Records provided =
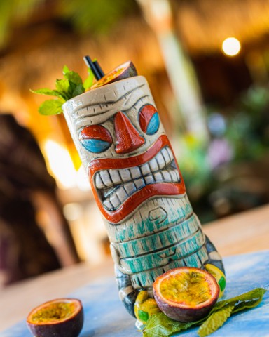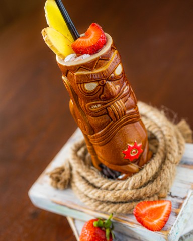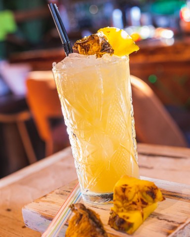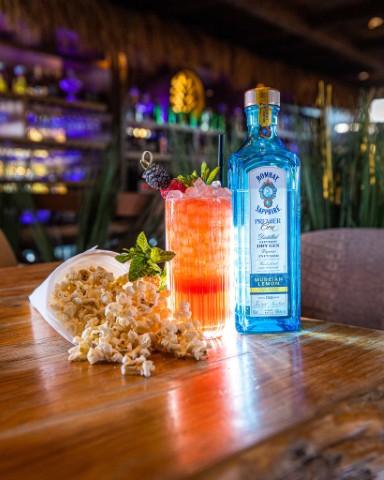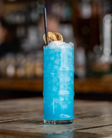 Cruzplata Tequila, Malibu, Blue Curaçao, natural lemon juice, coconut syrup and grated coconut.
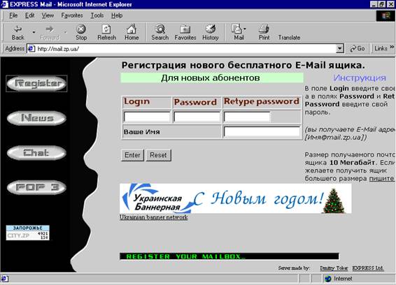 http://mail.zp.ua Для тех, кто живет в Украине. Сервер расположен в Запорожье. Стабильно работает вот уже полгода!!! Вы получаете E-Mail адрес <ваш адрес@mail.zp.ua> Размер получаемого почтового ящика 5Mb. Доступ по протоколу POP3 и через браузер.
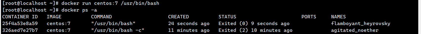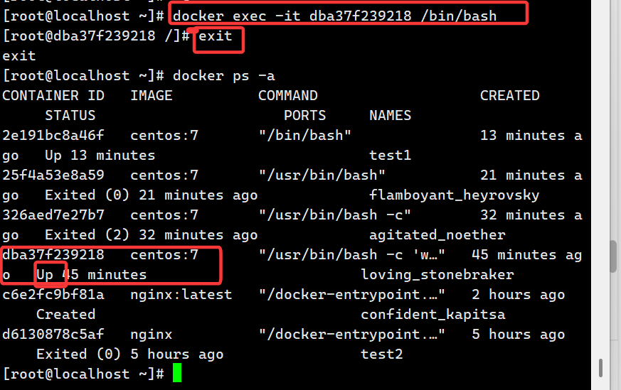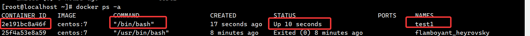 docker run -itd --name test1 centos:7 /bin/bash #创建容器并持续运行容器
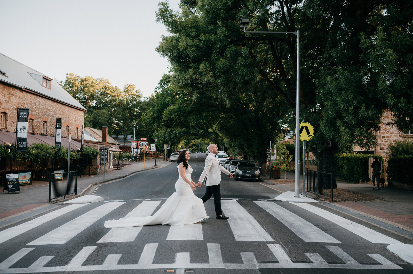 Follow the path down to the symmetrical cottage garden, which is centred around a fountain and is filled with colourful flowers, fragrant herbs and fruit trees, which provide shade and shelter. While there is no need to travel further for your couple portraits, you only have to stroll up the street to capture some of Hahndorf’s unique heritage architecture.
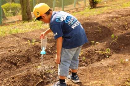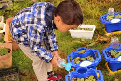 登校してすぐに、あさがおとサツマイモの苗にお水をあげています。
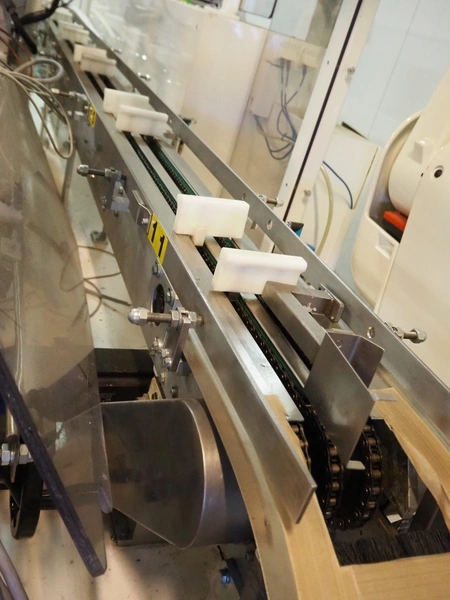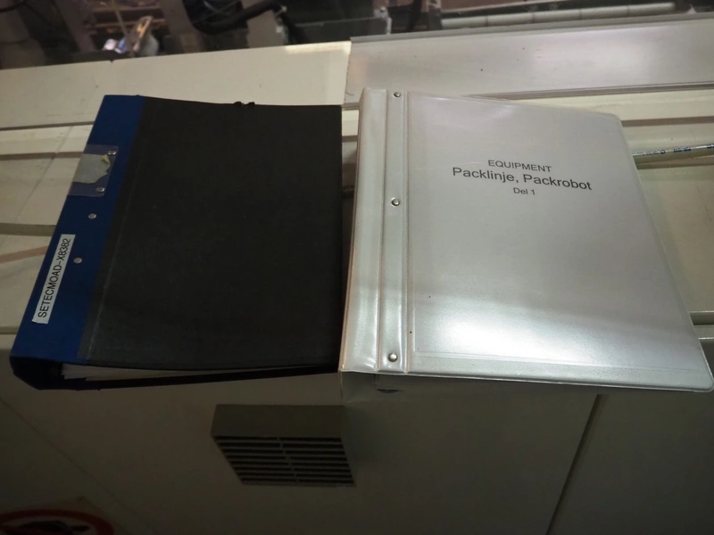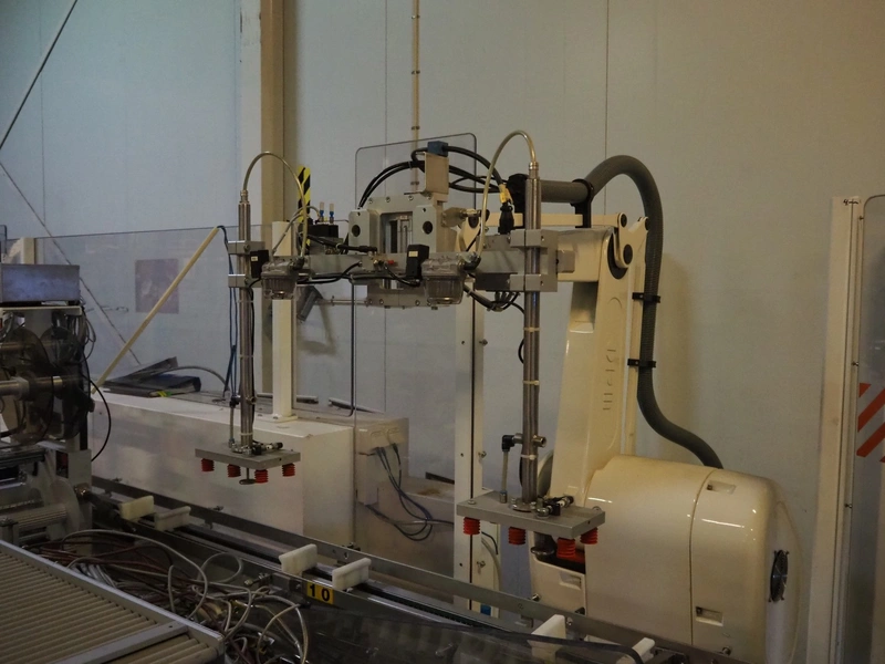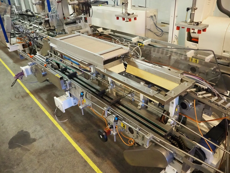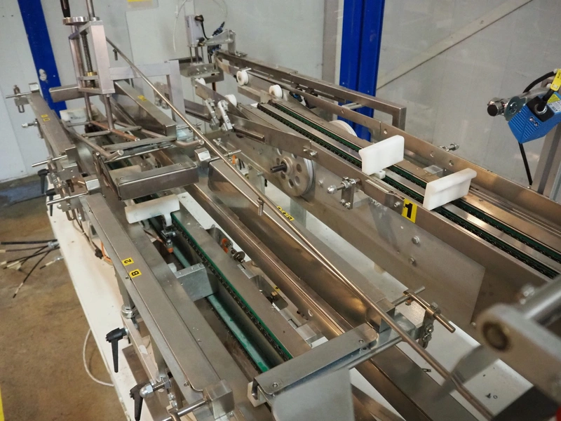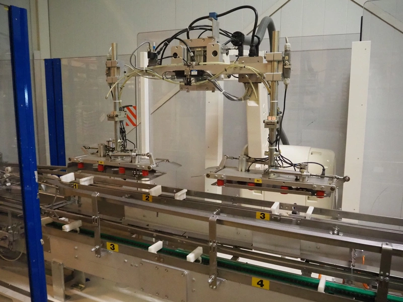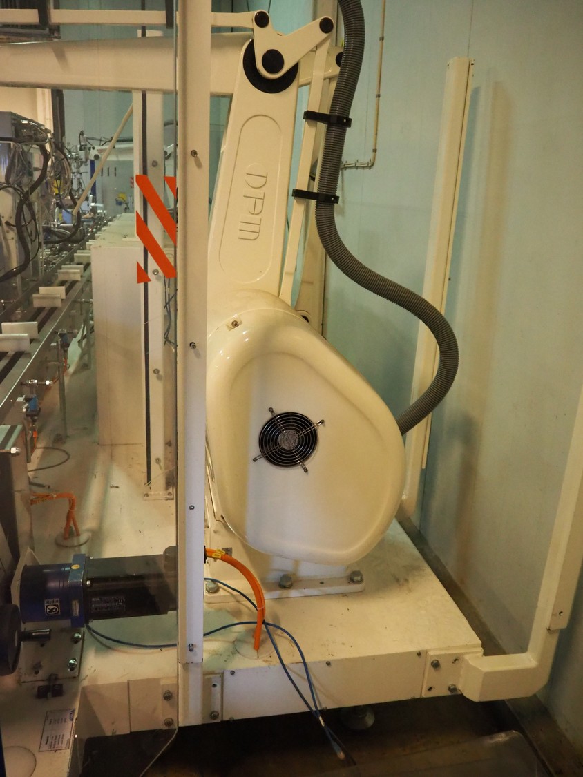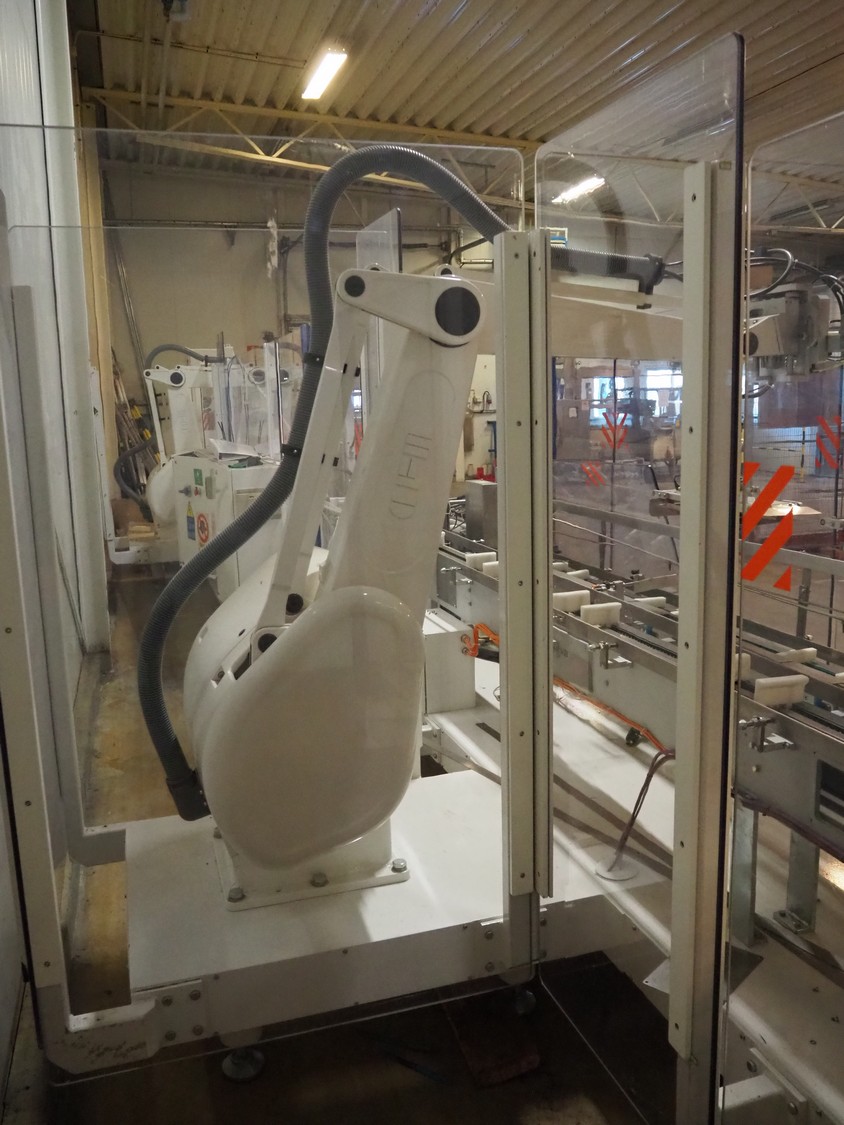 Astra packing robot, type: EQ-P-0058, chain belt with dividers, belt width: (2x) 200 mm, distance between dividers: 550 mm, divider height: 50 mm, 2 mectec labelling machines, 2 OPM robot arms, model: ICC, total dimensions: 10000 mm x 2400 mm x 2100 mm.

Task to complete = Beginning with the line where "docker run -itd" appears, reproduce every remaining line of the listing above, the last one included, but none of the pictures.

Written solution =
 docker run -itd --name test1 centos:7 /bin/bash #创建容器并持续运行容器
 Follow the path down to the symmetrical cottage garden, which is centred around a fountain and is filled with colourful flowers, fragrant herbs and fruit trees, which provide shade and shelter. While there is no need to travel further for your couple portraits, you only have to stroll up the street to capture some of Hahndorf’s unique heritage architecture.
 登校してすぐに、あさがおとサツマイモの苗にお水をあげています。
 Astra packing robot, type: EQ-P-0058, chain belt with dividers, belt width: (2x) 200 mm, distance between dividers: 550 mm, divider height: 50 mm, 2 mectec labelling machines, 2 OPM robot arms, model: ICC, total dimensions: 10000 mm x 2400 mm x 2100 mm.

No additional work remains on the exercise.